***** Record set

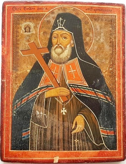 Икона Святитель Иннокентий (Кульчицкий), епископ Иркутский. Образ Святого Иннокентия Иркутского. 23,7 х 30,2 х 1,7 см. Частное собрание.
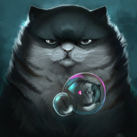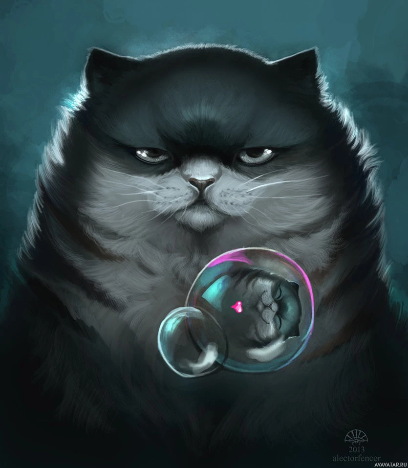 a dark coat and distinct markings on its face. In its lap, there is a bubble containing a smaller cat-like creature, which seems to be observing the world around it. The overall atmosphere of the illustration is whimsical and surreal, as it depicts
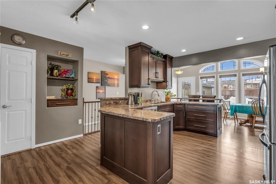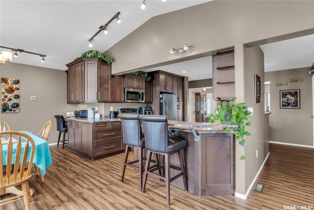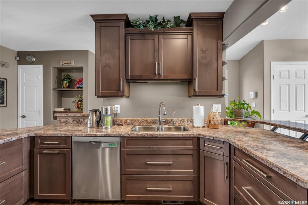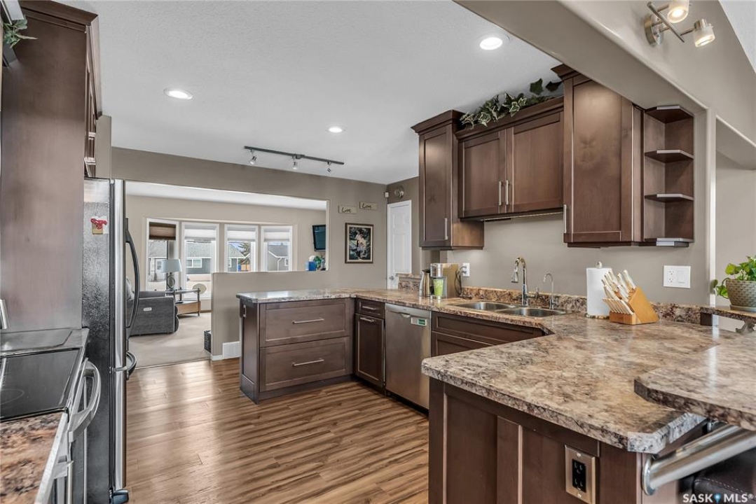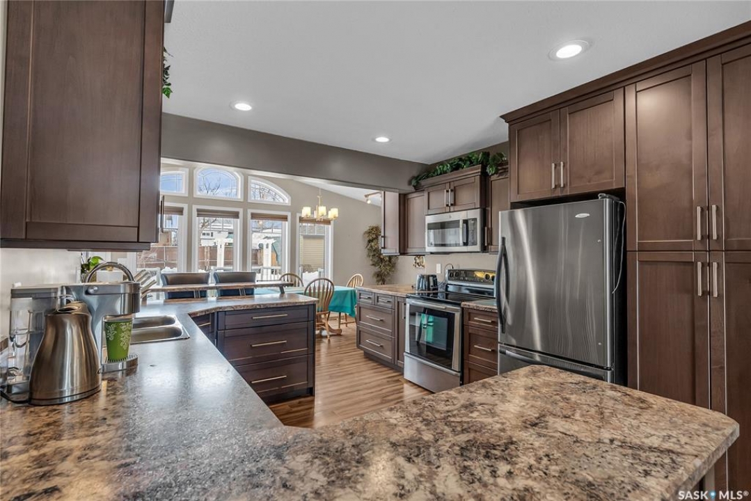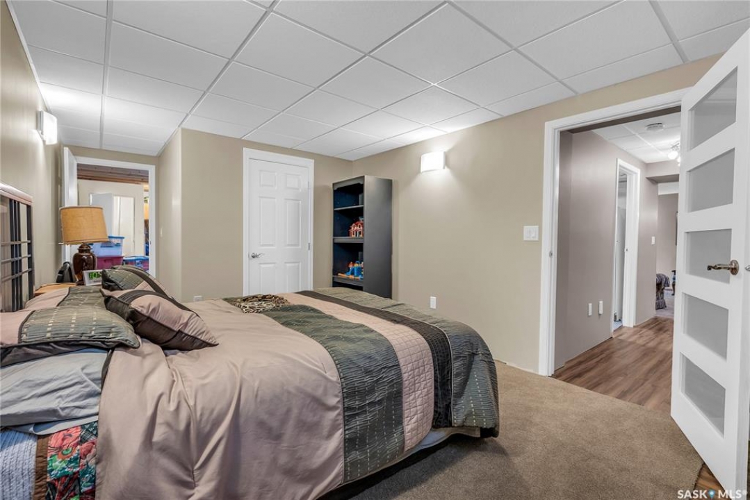 Stunning Renovated Bungalow in Biggar, SK! This beautifully updated 1,500 sq. ft. bungalow offers modern comfort with a vaulted ceiling, open-concept main floor, and a chef's kitchen featuring ample counter space and energy-efficient appliances. The main floor includes three bedrooms, with a primary suite boasting a 3-piece ensuite and three large closets, a spa-like main bath with a soaker tub, and convenient main-floor laundry. The fully finished basement expands your living space with a huge family room, an additional bedroom, a full bath, and ample storage. Recent upgrades include a new air conditioner (2022), furnace (2012), hot water heater (2021), and 30-year shingles (2012). Outside, enjoy a two-tiered front lawn with perennials, a double detached heated garage, repaved driveway, and gravel RV storage. There is also a nice sized garden shed and the home owners have a Generac to power the house in case of power outages! Located in a wonderful community near schools, parks, and amenities, this home is a must-see—schedule your showing today!
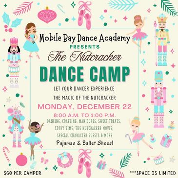 Let your dancer come and experience the magic of the Nutcracker with us. They will have a blast wearing their Christmas pajamas as they learn a Nutcracker themed dance, create Christmas crafts, hear the story of the Nutcracker from a special character guest and SO MUCH MORE!
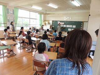 2年生は、昔の三財のことを調べていて、堤先生から昔の写真などを見せてもらい、目を輝かせて話に聞き入っていました。全員で「先生、ありがとうございました」と元気よく言えてました。堤先生もにこにこ顔でした。
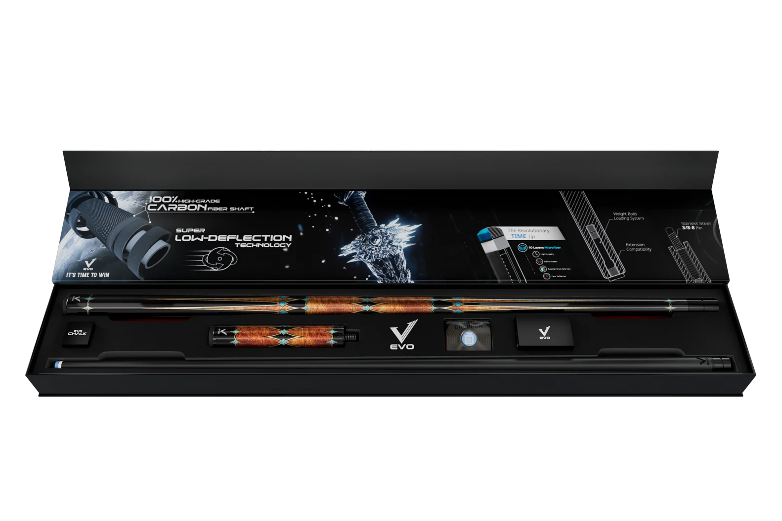 Premium-Queue + 6" Verlängerung + TIME Tip + Handschuh + Kreide. Alles, was Sie für Ihr Spiel brauchen, in einem Paket.
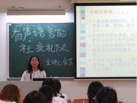 简单的引入之后,余老师进入了正题。从最简单的问候语说起,逐步深入,涉及了东西方不同的人际称呼礼仪,迎宾礼仪,交谈礼仪等。讲解过程中,余芳教授语言生动,情绪高涨,很好地调动了现场氛围。 她运用自身经历和生动的故事为例,讲解内容实用且丰富,同学们认真听讲,有的还做了笔记。
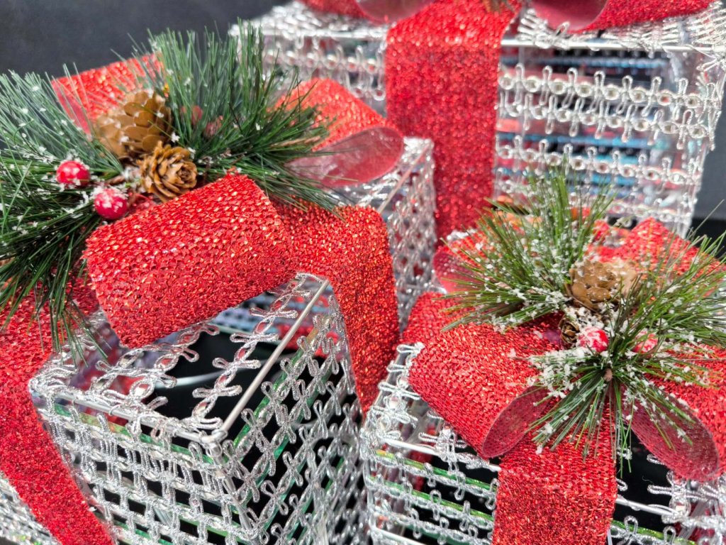 Elegantní sada svítících vánočních dárkových boxů dodá vašemu domovu kouzelnou atmosféru Vánoc. Boxy jsou vyrobené z pevné konstrukce, omotané mikro LED řetězem, který září jasným studeným bílým světlem. Dekoraci doplňuje červená třpytivá mašle a přízdoba z větviček, bobulek a malých šišek – díky tomu působí boxy luxusně a slavnostně.
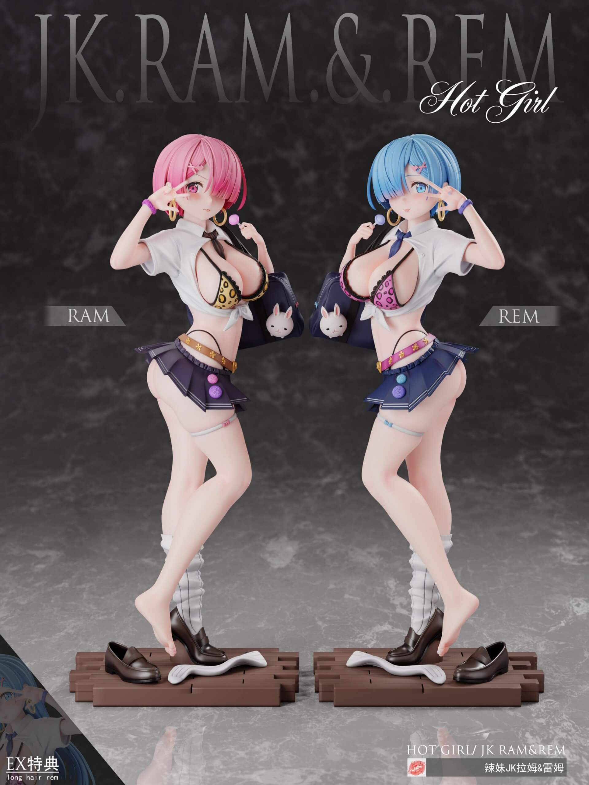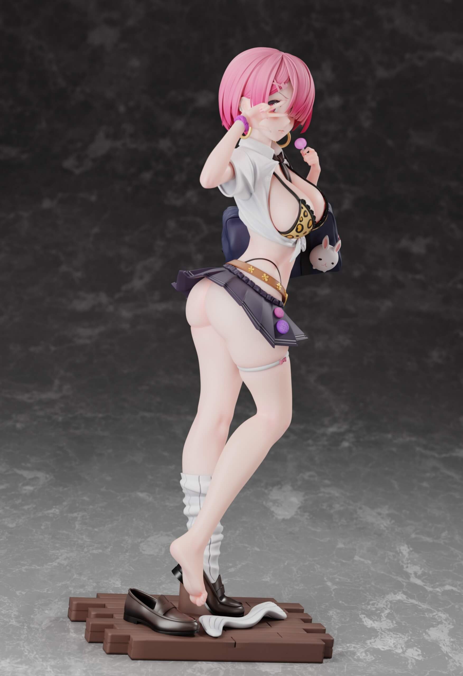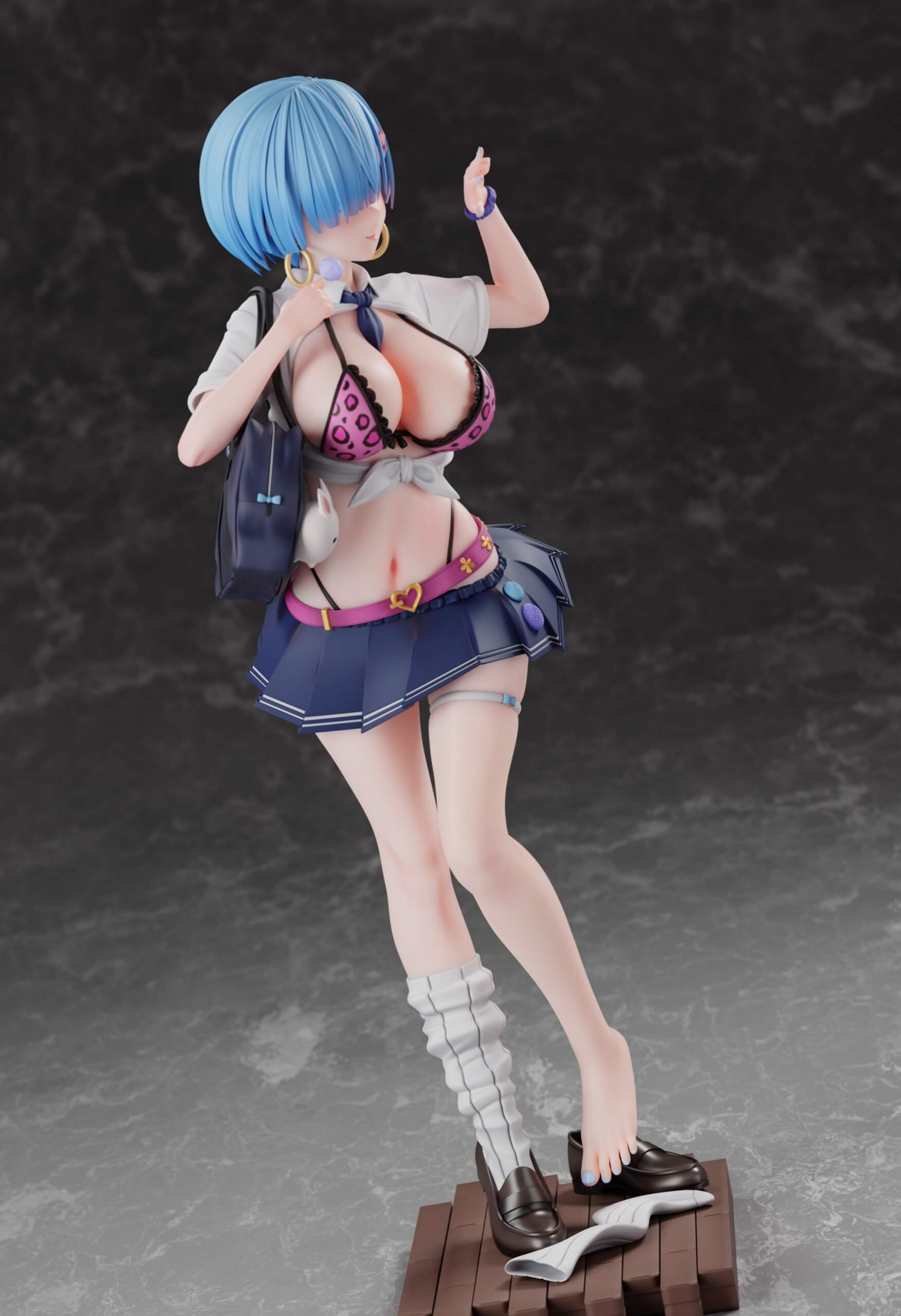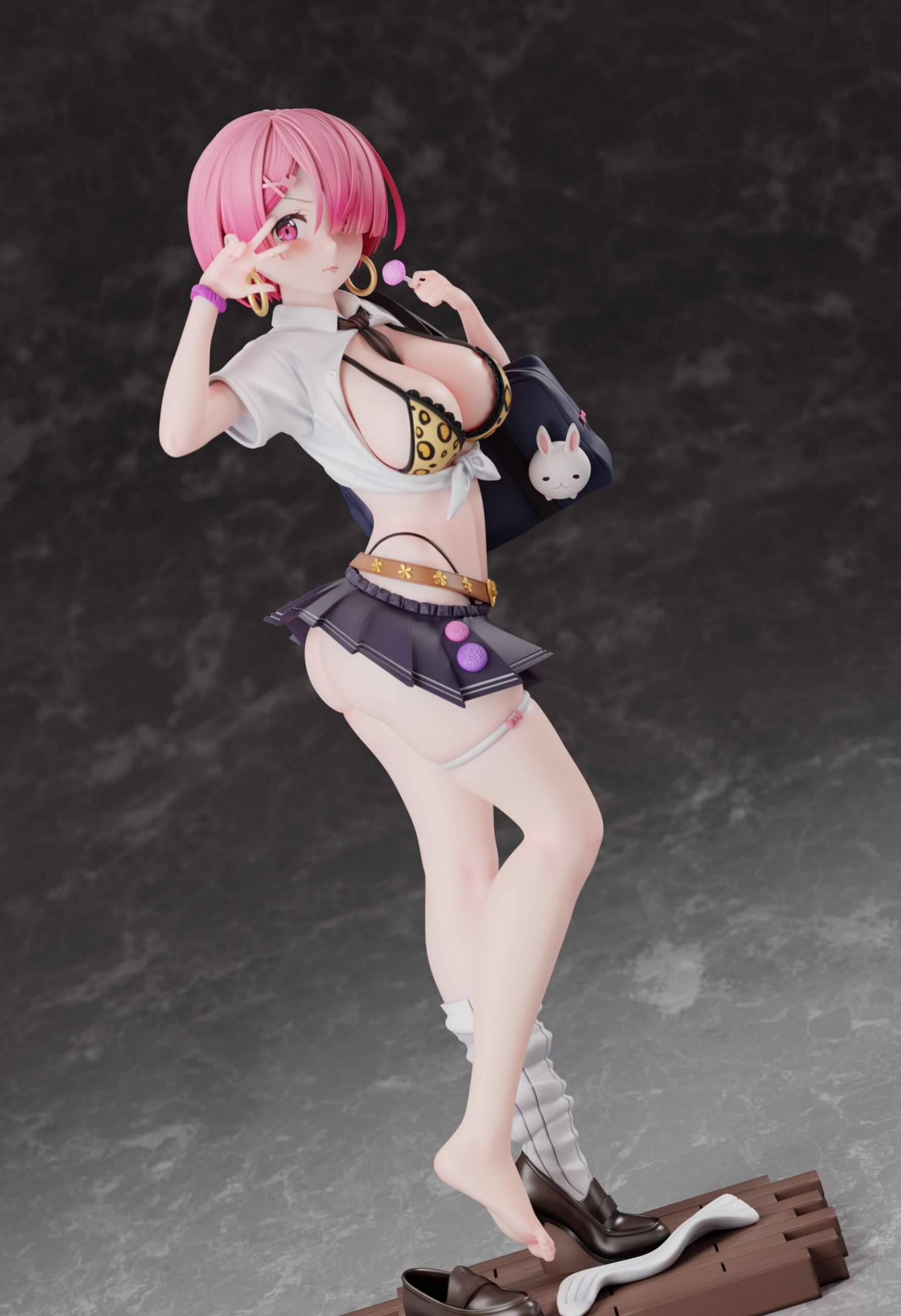 - Each figure is depicted in a gyaru-style school uniform with a tied shirt, leopard-print bikini top, and micro-pleated skirt.

**********

» **Prompt**: Keep the pictures out and transcribe the entries exactly.

» **Exercise response**:
 Икона Святитель Иннокентий (Кульчицкий), епископ Иркутский. Образ Святого Иннокентия Иркутского. 23,7 х 30,2 х 1,7 см. Частное собрание.
 a dark coat and distinct markings on its face. In its lap, there is a bubble containing a smaller cat-like creature, which seems to be observing the world around it. The overall atmosphere of the illustration is whimsical and surreal, as it depicts
 Stunning Renovated Bungalow in Biggar, SK! This beautifully updated 1,500 sq. ft. bungalow offers modern comfort with a vaulted ceiling, open-concept main floor, and a chef's kitchen featuring ample counter space and energy-efficient appliances. The main floor includes three bedrooms, with a primary suite boasting a 3-piece ensuite and three large closets, a spa-like main bath with a soaker tub, and convenient main-floor laundry. The fully finished basement expands your living space with a huge family room, an additional bedroom, a full bath, and ample storage. Recent upgrades include a new air conditioner (2022), furnace (2012), hot water heater (2021), and 30-year shingles (2012). Outside, enjoy a two-tiered front lawn with perennials, a double detached heated garage, repaved driveway, and gravel RV storage. There is also a nice sized garden shed and the home owners have a Generac to power the house in case of power outages! Located in a wonderful community near schools, parks, and amenities, this home is a must-see—schedule your showing today!
 Let your dancer come and experience the magic of the Nutcracker with us. They will have a blast wearing their Christmas pajamas as they learn a Nutcracker themed dance, create Christmas crafts, hear the story of the Nutcracker from a special character guest and SO MUCH MORE!
 2年生は、昔の三財のことを調べていて、堤先生から昔の写真などを見せてもらい、目を輝かせて話に聞き入っていました。全員で「先生、ありがとうございました」と元気よく言えてました。堤先生もにこにこ顔でした。
 Premium-Queue + 6" Verlängerung + TIME Tip + Handschuh + Kreide. Alles, was Sie für Ihr Spiel brauchen, in einem Paket.
 简单的引入之后,余老师进入了正题。从最简单的问候语说起,逐步深入,涉及了东西方不同的人际称呼礼仪,迎宾礼仪,交谈礼仪等。讲解过程中,余芳教授语言生动,情绪高涨,很好地调动了现场氛围。 她运用自身经历和生动的故事为例,讲解内容实用且丰富,同学们认真听讲,有的还做了笔记。
 Elegantní sada svítících vánočních dárkových boxů dodá vašemu domovu kouzelnou atmosféru Vánoc. Boxy jsou vyrobené z pevné konstrukce, omotané mikro LED řetězem, který září jasným studeným bílým světlem. Dekoraci doplňuje červená třpytivá mašle a přízdoba z větviček, bobulek a malých šišek – díky tomu působí boxy luxusně a slavnostně.
 - Each figure is depicted in a gyaru-style school uniform with a tied shirt, leopard-print bikini top, and micro-pleated skirt.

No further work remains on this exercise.